Уильям Тиндел. Слово, церковь и государство в раннем английском протестантизме - Татьяна Георгиевна Чугунова
Шрифт:
Интервал:
Закладка:
«Поскольку духовенство (природы твердой как алмаз, всё тянет на себя зараз) присвоило себе этот термин, который означает всех, кто верует во Иисуса Христа, и тонкой липкой ложью оплело народы, отняло понимание сего слова, заставив их видеть в слове «церковь» ничего более блеющих бритых баранов, готовых постричь весь мир, посему в переводе Нового Завета везде, где я находил слово ecclesia[485], я переводил его словом “собрание” (congregation), а, отнюдь не лукавствуя умом, дабы распространить ересь, как господин Мор говорит в своем “Диалоге”, где он прохаживается по моему переводу Нового Завета»[486].

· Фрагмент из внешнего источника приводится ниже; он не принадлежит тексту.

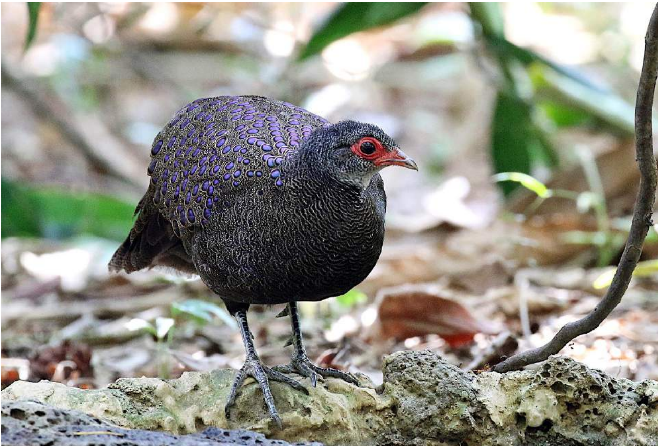
Male Germain's Peacock-Pheasant (Craig Robson)

From Cat Tien, we had a relatively easy drive to our next birding hotspot near Di Linh, pausing for lunch in Bao Loc en route. We had the best part of two days to get to grips with the rich birdlife of the excellent forested pass referred to as Deo Nui San, along the Phan Thiet road. When we first visited this site in 1991, the road was but a dirt track, and the logistics of reaching it were a bit of a nightmare. Things could hardly be different now, with easy and quick access; though the forest has been pushed back from the roadsides. We stayed in some very nice new accommodations close to the site. There were many specialities for us to chase here. On the first afternoon, we walked down to the south from the pass, before spending some time at a hide that our local guide Quang had personally installed, and spent a lot of his time and effort maintaining. What a fantastic little spot it proved to be, as we soaked up the brilliant views of another Slaty-legged Crane, Blue-rumped Pitta

Мор отвергал тинделовский перевод «церкви» как «конгрегации» на том основании, что этот термин более общий, ибо церковь, действительно, является конгрегацией, однако не каждая конгрегация является церковью. Это понятие в таком случае можно применить к любому сообществу людей, будь то христиане или турки[487]. На доводы Мора о широком значении слова «конгрегация» (или «собрание»), в отличие от «церкви», реформатор искусно парирует:
«Когда мистер Мор говорит, что слово «церковь» хорошо известно, я взываю к сознанию всей страны, правду он глаголет или нет, и понимают ли миряне под «церковью» все множество тех, кто исповедует веру Христову, или только шутов в сутанах. И когда он говорит, что «собрание» есть термин более общий, то и что из того? Ибо по контексту всегда распознаешь, какое собрание имеется в виду. И все же он скрывает правду, почему я говорю «собрание», ведь может быть и другая церковь, а именно церковь Дьявола и Сатаны, церковь оглашенных, церковь злодеев и лжецов, магометанская церковь»[488].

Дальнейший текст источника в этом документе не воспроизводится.